At particle accelerators like the Large Hadron Collider, the
largest atom smasher in the world, which is located close to Geneva, scientists
hurl particles against each other at breakneck speeds to learn about the
structure of subatomic and elementary particles. These particle-smashing
records, which date back to the 1980s, were acquired by researchers with the
nonprofit NNPDF cooperation. They include illustrations of experiments in which
photons, electrons, muons, neutrinos, and even other protons collided with
protons. Researchers can reassemble the particles' initial state by examining
the collision-related debris.
In the current study, the researchers gave all of this
collision data to a machine-learning system that was programmed to hunt for
patterns without considering the potential appearance of the structures.

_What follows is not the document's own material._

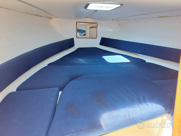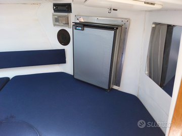 È dotata di una cabina con comoda cuscineria utile al pernottamento, oblò a tetto, frigorifero, radio e casse interne, faretti di cortesia.
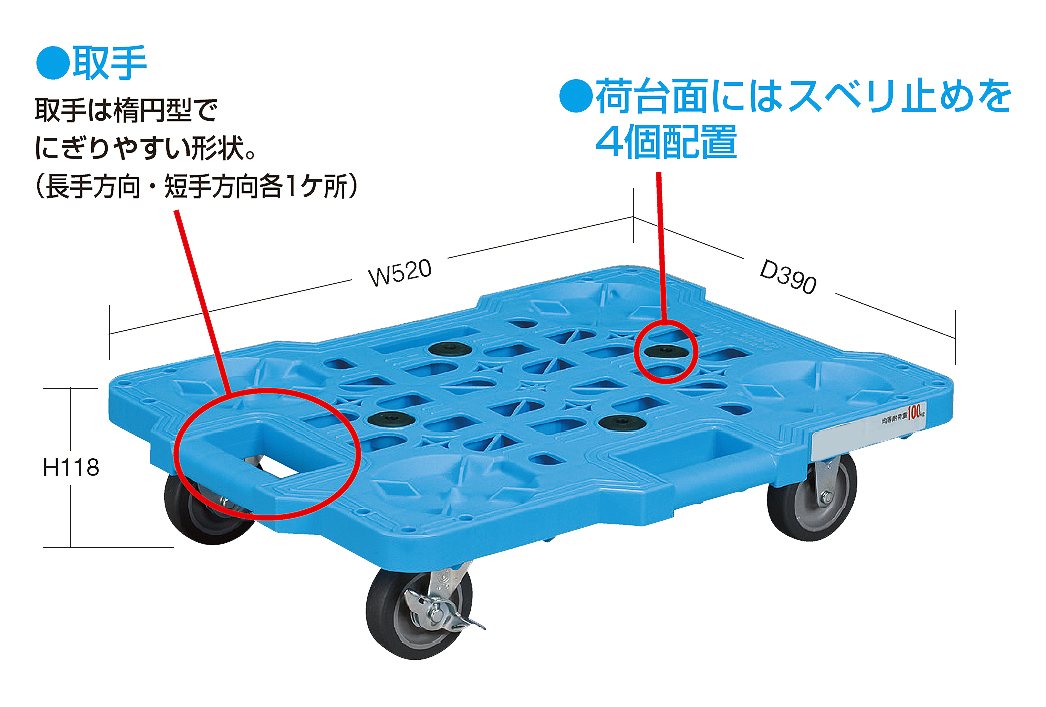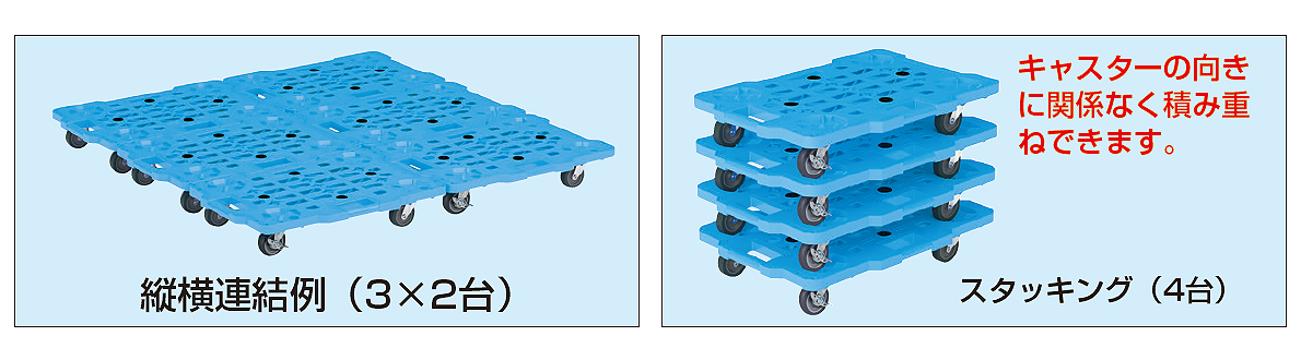 メッシュ構造の超軽量平台車でストッパー付 | 連結メッシュ樹脂平台車(ストッパー付) 品番 M350CR-M400EKBSK 価格は下記をご覧ください |

Possible structures and their chance of existing were returned by the
algorithm.
According to Forte of Nature Briefing, the study showed a
"small but not insignificant" possibility of discovering a charm
quark. The results constitute the "first concrete proof" that the
charm quark may exist, according to Forte, even if the amount of evidence
wasn't sufficient for the researchers to announce the irrefutable discovery of
the charm quark in protons.
Forte said that the proton's structure is significant
because, in order to find new fundamental particles, physicists will need to
find minute discrepancies between what theories predict and what is actually
observed. To do this, exceedingly accurate measurements of subatomic structures
are needed.
The illusive "charm" within a proton still needs additional information, at least for the time being. Future research might be helpful, according to Tim Hobbs, a theoretical physicist at Fermilab in Batavia, Illinois. Future research could include the Electron-Ion Collider at Brookhaven National Laboratory in Upton, New York, which is slated to be built.
Published first on Live Science.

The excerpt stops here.